Verify that in /etc/blah.config there is: job_registry_use_mmap=yes (default scenario).

Submit 5000 jobs on a CREAM CE using the following JDL:

[
executable="/bin/sleep";
arguments="100";
]

Monitor the BLAH processed. Verify that each of them doesn't use more than 50 MB.

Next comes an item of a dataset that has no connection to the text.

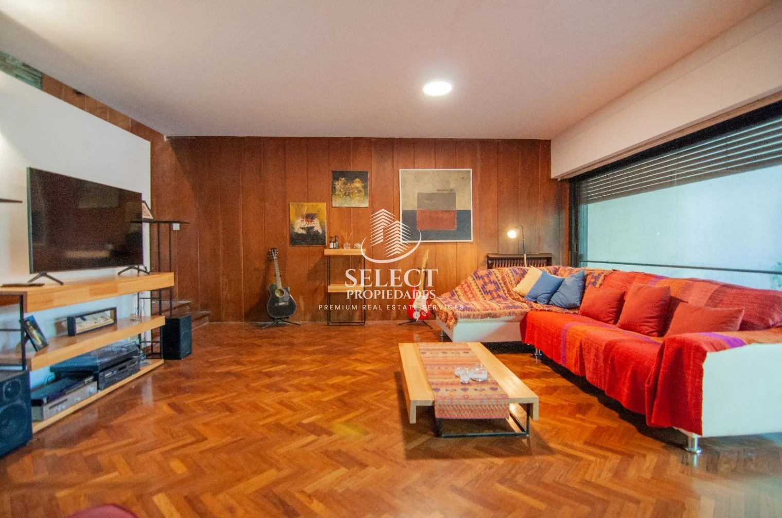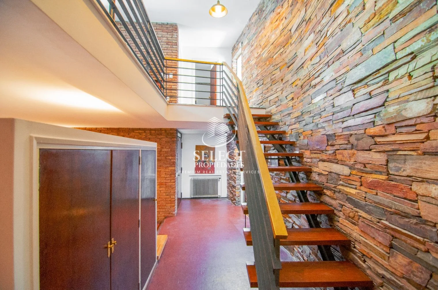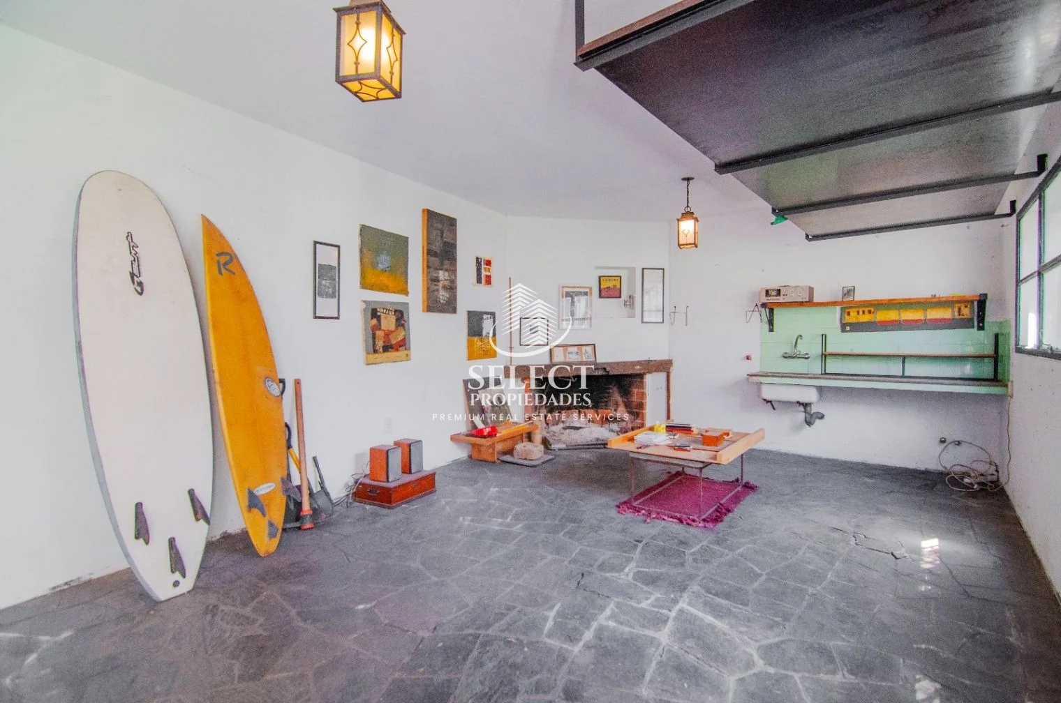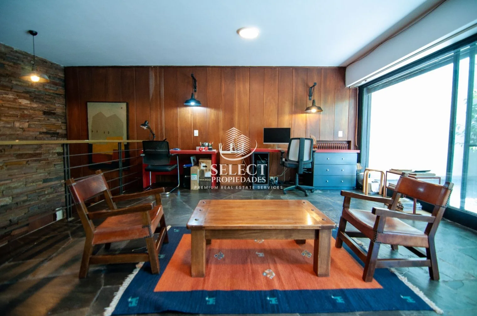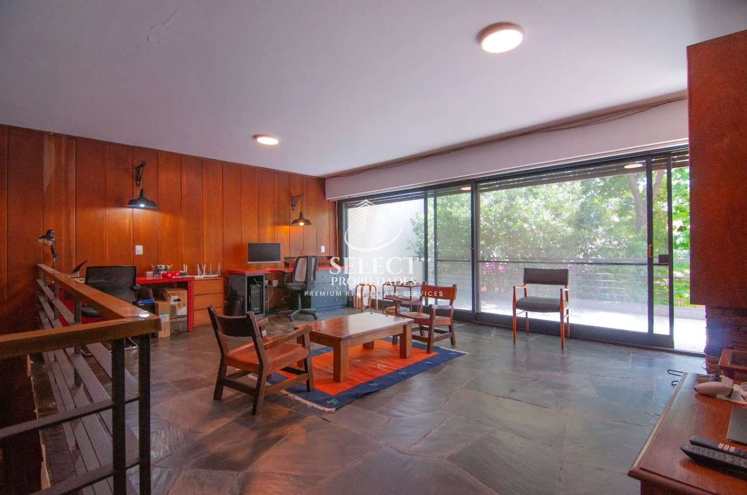 Ambiente amplio y versátil con estufa a leña, ventanales de piso a techo y salida a gran terraza con orientación norte. Pisos de piedra laja y continuidad del estilo rústico y noble del living principal.

Bug #77776 (BUpdater should have an option to use cached batch system commands) Not implemented

Add:

lsf_batch_caching_enabled=yes
batch_command_caching_filter=/usr/bin/runcmd.pl
in /etc/blah.config.

Create and fill /usr/bin/runcmd.pl with the following content:

#!/usr/bin/perl
#---------------------#
#  PROGRAM:  argv.pl  #
#---------------------#

$numArgs = $#ARGV + 1;
open (MYFILE, '>>/tmp/xyz');
foreach $argnum (0 .. $#ARGV) {
    print MYFILE "$ARGV[$argnum] ";
}
print MYFILE "\n";
close (MYFILE); 

Submit some jobs. Check that in /tmp/xyz the queries to the batch system are recorded. E.g. for LSF something like that should be reported:

/opt/lsf/7.0/linux2.6-glibc2.3-x86/bin/bjobs
-u
all
-l
/opt/lsf/7.0/linux2.6-glibc2.3-x86/bin/bjobs
-u
all
-l
...

Bug #80805 (BLAH job registry permissions should be improved) Not implemented

Check permissions and ownership under /var/blah. They should be:

/var/blah:
total 12
-rw-r--r-- 1 tomcat tomcat    5 Oct 18 07:32 blah_bnotifier.pid
-rw-r--r-- 1 tomcat tomcat    5 Oct 18 07:32 blah_bupdater.pid
drwxrwx--t 4 tomcat tomcat 4096 Oct 18 07:38 user_blah_job_registry.bjr

/var/blah/user_blah_job_registry.bjr:
total 16
-rw-rw-r-- 1 tomcat tomcat 1712 Oct 18 07:38 registry
-rw-r--r-- 1 tomcat tomcat  260 Oct 18 07:38 registry.by_blah_index
-rw-rw-rw- 1 tomcat tomcat    0 Oct 18 07:38 registry.locktest
drwxrwx-wt 2 tomcat tomcat 4096 Oct 18 07:38 registry.npudir
drwxrwx-wt 2 tomcat tomcat 4096 Oct 18 07:38 registry.proxydir
-rw-rw-r-- 1 tomcat tomcat    0 Oct 18 07:32 registry.subjectlist

/var/blah/user_blah_job_registry.bjr/registry.npudir:
total 0

/var/blah/user_blah_job_registry.bjr/registry.proxydir:
total 0

Bug #81354 (Missing 'Iwd' Attribute when trasferring files with the 'TransferInput' attribute causes thread to loop) Not implemented

Log on a cream ce as user tomcat. Create a proxy of yours and copy it as /tmp/proxy (change the ownership to tomcat.tomcat).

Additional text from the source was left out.